Fritz Brumme mit Werner Alt und Dieter Lang |
Urlaub zum
Training
Dieter Lang, 21 Jahre alt und Physiklaborant im
Betrieb seines Trainers, Werner Alt, zwölf Monate älter. Bundeswehrsoldat in
Wiesbaden-Schierstein und durch heimische Bemühungen und einen sportfreudigen
Kompaniechef mit der notwendigen Trainingszeit bedacht, gehen zusammen mit dem
vierzehnjährigen Rüsselsheimer Schüler Reinhard Scholta mit ein wenig Beklemmung
in das große Abenteuer von Amsterdam. "Auf der Strecke kann sich Nervosität sehr
schnell legen", so Fritz Brumme.
Für Lang/Alt und den kleinen Scholta hatte die Saison in Heidelberg recht gut
begonnen, man war mit dem Abschneiden recht zufrieden. Und dann ging es erstmals
in Mannheim, der Meisterschaftsstrecke des Vorjahres, gegen Zumkeller/Jordan,
ohne Zweifel die großen Favoriten für die Meisterschaften dieses Jahres. Keiner
kennt dieses Boot besser als Fritz Brumme, der Neuß/Jordan, die große Höchster
Kombination, zur zweifachen Europameisterschaft geführt hat, der mit ihnen
Weltmeister wurde. Und erstmals gab es in Mannheim ein Raunen in der Fachwelt,
als die Rüsselsheimer keine Furcht vor den großen Namen zeigten und recht forsch
rangingen. Über diesen zweiten Platz gab es einige Verwunderung.

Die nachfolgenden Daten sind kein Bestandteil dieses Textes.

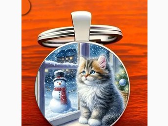 En nyckelring i metall och glas med en söt liten katt och snögubbe! Vinter.
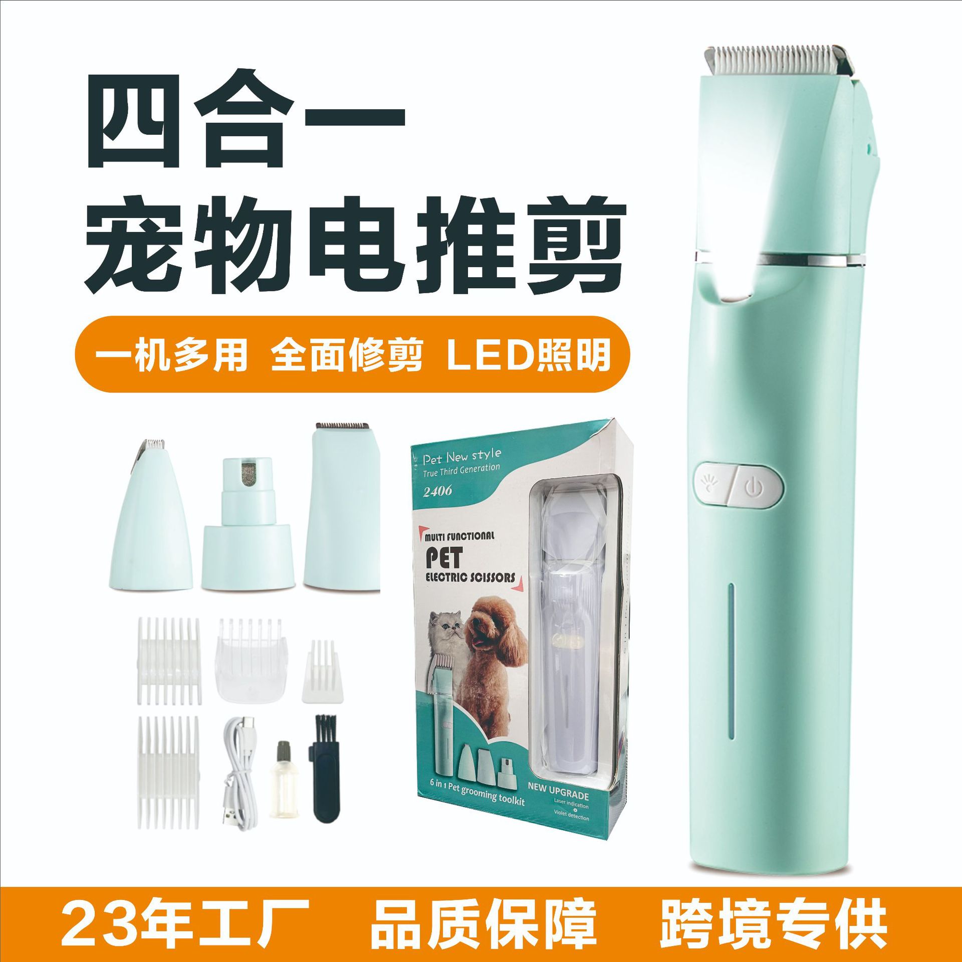Mesin Pemotong Hewan Peliharaan Khusus Lintas Batas Satu Alat Pencukur Rambut Empat Penggunaan Cukur Kaki Kecantikan Kucing dan Anjing Cukur Pemotong Geser Listrik Isi Ulang Grosir
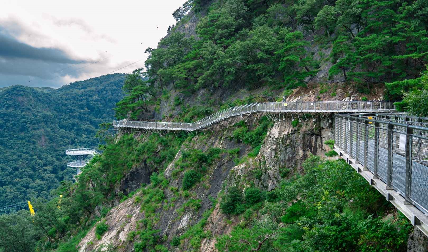 절벽을 따라 이어지는 잔도, 협곡 위를 가로지르는 출렁다리, 그리고 정상에서 내려다보는 압도적인 전망까지!
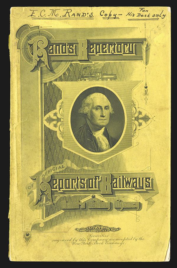 NY. Rand's Rating Agency. NY. Intaglio Washington by Homer Lee BNC as cover. 114 pages plus ads in front and back. Stitched binding, paper cover. Index tabs to chapters. On Cover E.C.M. Rand's Copy, From His Desk Only. Additional pencil notations. Thomas Rogers intaglio portrait included in book.
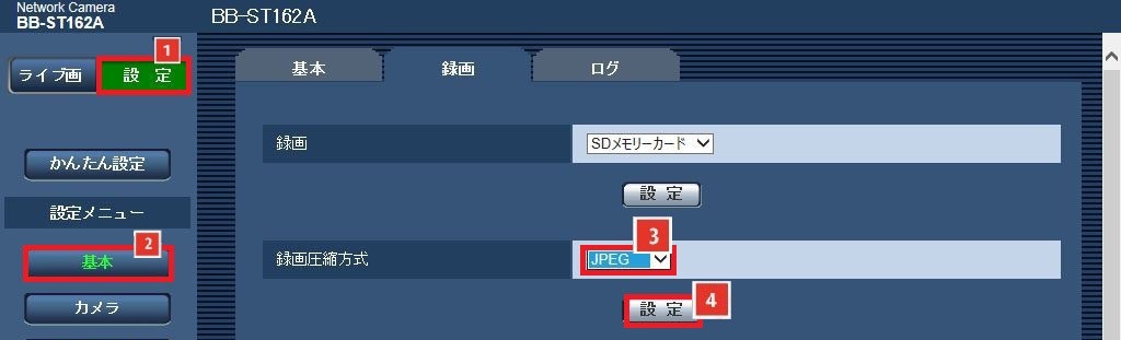 (4)「録画圧縮方式」を「JPEG」に変更してください。
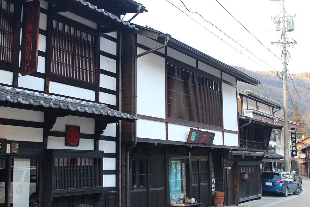 (漆器店が立ち並ぶ、木曽平沢)
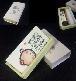 今日はめずらしくPCに向かう時間が豊富ですちょこっとブログの表紙とか変えてみようかな~などと思いブログを開き新しいページをフォトショップでつくりアップしようか!・・・とおもったら・・・すっかり使い方を忘れてしまい・・・HTML何それ(・・・って言うのは言い過ぎやけど)すっかりぽっかり忘れてしまいました。いじっていれば思い出すのでしょうがそれに費やす時間がない ということで今回nodaichiの新作紹介します。題して「ありえない線香パッケージ」まずはこれ!ほい「あなたと出逢えた このご縁に感謝」そんで次がこれ!どん!「たくさんの仲間たちにささえられて今があります ありがとう」 ですどす 思いっきり表からはみ出してます(笑)いやはみ出させてるんです(キッパリ)この箱作るとき箱屋の友人から「あのさ~箱からデザインのはみだすとけど・・・」と、わざわざ電話がかかってきた ねらいです!わざとじゃありません が・・ど~かな~やりすぎたかな~次は表にきっちりおさめようかな~などと若干 引き腰になってます(笑) とりあえず地域限定発売にしようと思ってます。その反応しだいで はみだすのかはたまたきっちりおさめるのか決めようと思います(弱腰です)

Ja, und dann brachte die Duisburger Wedau-Strecke die Rüsselsheimer gar in die
nächste Nachbarschaft einer faustdicken Überraschung. Selbst den Experten blieb
der Mund offen, als die „jungen Leute" aus Rüsselsheim bei der 1200-Meter-Marke
klar vor den Favoriten führten. Dann aber zogen sie einen Spurt an, der alte
Fuchs Jordan hörte das Kommando, und so entschied letztlich die taktisch klügere
Fahrweise für die Favoriten. Noch einmal - denn nur eine Länge hinter ihnen
zogen die Rüsselsheimer über die Ziellinie. "Eine oder zwei Längen im Zweier,
das ist nichts", bestätigt Fritz Brumme, dem wie gesagt, das Abenteuer Amsterdam
indes nicht so recht geheuer ist.
Eine "Kostprobe"
"Vor den Erfolg haben die Götter den Schweiß gesetzt". Die
Mühsal spricht schon aus dem geflügelten Wort, aber sie spricht sich leicht. Wie
die Wirklichkeit aussieht, die Spitzensportler von nationaler und
internationaler Klasse durchwandern müssen, davon erlebten wir am Mittwoch Abend
auf dem Altrheinarm bei Erfelden eine für uns mehr als eindrucksvolle
"Kostprobe". "Manchmal können einem die Leute leid tun", bestätigt Fritz Brumme,
der mit dem Megaphon in der Hand wie ein Feldherr auf dem Motorboot die Szenerie
beherrscht, "aber wer heute im großen Ruderkonzert mitspielen will, der
muss sich
nach diesen Bedingungen richten."
Dieter Lang und Werner Alt haben sich denn auch der Prozedur unterworfen, deren
Ergebnisse sich in den bisherigen Erfolgen bereits abzeichnen. Fritz Brumme, der
im Winter ein ausgeklügeltes Krafttraining durchführt, geht auf dem Wasser im
Intervallsystem vor. Kurze und lange Spurts im 42er- oder gar 44er-Schlag
wechseln mit einem anscheinend „gemächlichen" Tempo. "Das sieht gemütlich aus,
aber machen Sie's mal", kommt die Empfehlung von vorn. Wenn Dieter Lang und
Werner Alt nach eineinhalb Stunden ihr Boot aus dem Wasser heben – "In der
letzten Woche waren sie so fertig, dass es nicht mehr ging" –, haben sie rund
zwei Kilo an Gewicht verloren.
Mitgeatmet
Man ist sehr schnell von allen Zweifeln bekehrt, wenn man die zwei mit ihrem
kleinen Steuermann, dessen helles Stimmchen über das Wasser schalt, durch den
Altrheinarm rudern sieht. Rudern - die Vorstellung vom Mainkahn kann man getrost
beiseite lassen. Das sind Geschwindigkeiten zwischen achtzehn und zwanzig
Kilometern in der Stunde! Als die beiden zum vierten Male ihren 500-Meter-Spurt
anzogen, als der Rhythmus gefunden ist, da fiebert auch Willi Hamm, der an
diesem Abend vor der romantischen Kulisse des romantischen Kühkopfs vom Boot aus
seine Fotos schießt, "Ich habe direkt mitgeatmet", gesteht er hinterher.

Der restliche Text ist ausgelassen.